Vetters spent nine days in Florida this spring visiting baseball teams. The first person he paid his respects to in the Yankee clubhouse was Rivera.

“Mo has been kind of the godfather of the Nike gloves,” says Vetters. “He wears the old-scho9l Cooperstown Cleats, and I believe they only make it for him. It’s one of the oldest models.

“People ask me who is the worse player you have had to deal with, and I say none. It’s just a group of people who are baseball guys. Everybody is a normal dude, who just happen to be good at something.”

From August 12-19 Vetters was in Japan with his Nike Group. They spent three days in Tokyo at Nike headquarters and then he went to Koshien, which is the Japanese High School baseball tournament, which a CNN story described as the most emotional sports tournament in the world.

Japanese kids live and die baseball, which is probably the main reason Japan has won nine Little League championships, including three of the last four.

Vetters actually put on a baseball uniform and participated for three days in the grueling 11-hour practice drills these young Japanese high school baseball players go through. They went from 7:30 in the morning until 6:30 at night, and all of it was on dirt fields.

“There are 72 kids on each team and every kid has a job, which includes hand scrubbing every baseball. There is no jogging, no stopping, and no half-assing something, not even close to that. Everything was done to perfection, and at the game time it was 96 degrees and 100 percent humidity, and they were in full uniform.

“For coaches, it was something to experience for that long. I was more mentally exhausted than I was physically at the end of each day. So it was breathtaking and the most beautiful thing I have ever seen. It was the purest baseball I have ever seen as a player or coach, just to see these kids with the up-most respect for each other, their coaches and their equipment.

“They all take off their shoes before entering clubhouse. They have no agendas. Their 100 percent focus is executing and playing baseball, or hand scrubbing helmets with soap and water and learning baseball.

“And they are all having fun. I noted not one kid complained, not one kid was disrespectful.”

Koshien is played as a spring tournament and a summer tournament.

“We got to watch some of the summer games,” Vetters said. “There is, I believe, 4700 high schools in Japan, and the top 50  go to the Koshien. It’s single elimination and the team that wins it is perfect.

“So I got to experience and see it. They play in front of 50,000-plus fans (850,000 watched the summer tournament last year). It’s the most amazing thing I have ever seen, to this day in my life.”

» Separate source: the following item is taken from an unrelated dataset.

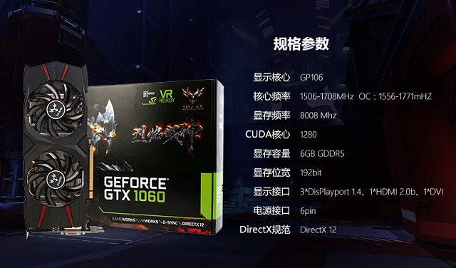 七彩虹gtx1060 6g游戏显卡 igame 烈焰战神u 6gd5 超频版

The experience has led Vetters to vow to be better in everything, including his job, his role as son, brother, coach. He wants to be the best possible, and is willing to make the sacrifice and put in the time and effort and discipline to make it happen.

A week ago he left for the East Coast to visit NCCA Schools Miami, North Carolina, Duke and then flew into Austin, Texas to visit the University of Texas.

Sometime this month he will go with another Nike group to Asia for two weeks, visiting Nike factories to introduce himself and to see how the company’s equipment is built and whether he can add something that will make the manufacturing process better.

“I’m just going to keep working hard,” says Vetters. “This is not real work. If you love what you do it’s not work. I get to talk to baseball players almost on a daily basis. I get to fly all over the world and experience things that nobody has experienced.

“It is a humbling experience. It’s been a trip, no pun intended, since I have been here. You learn as you go and just go after everything hard.”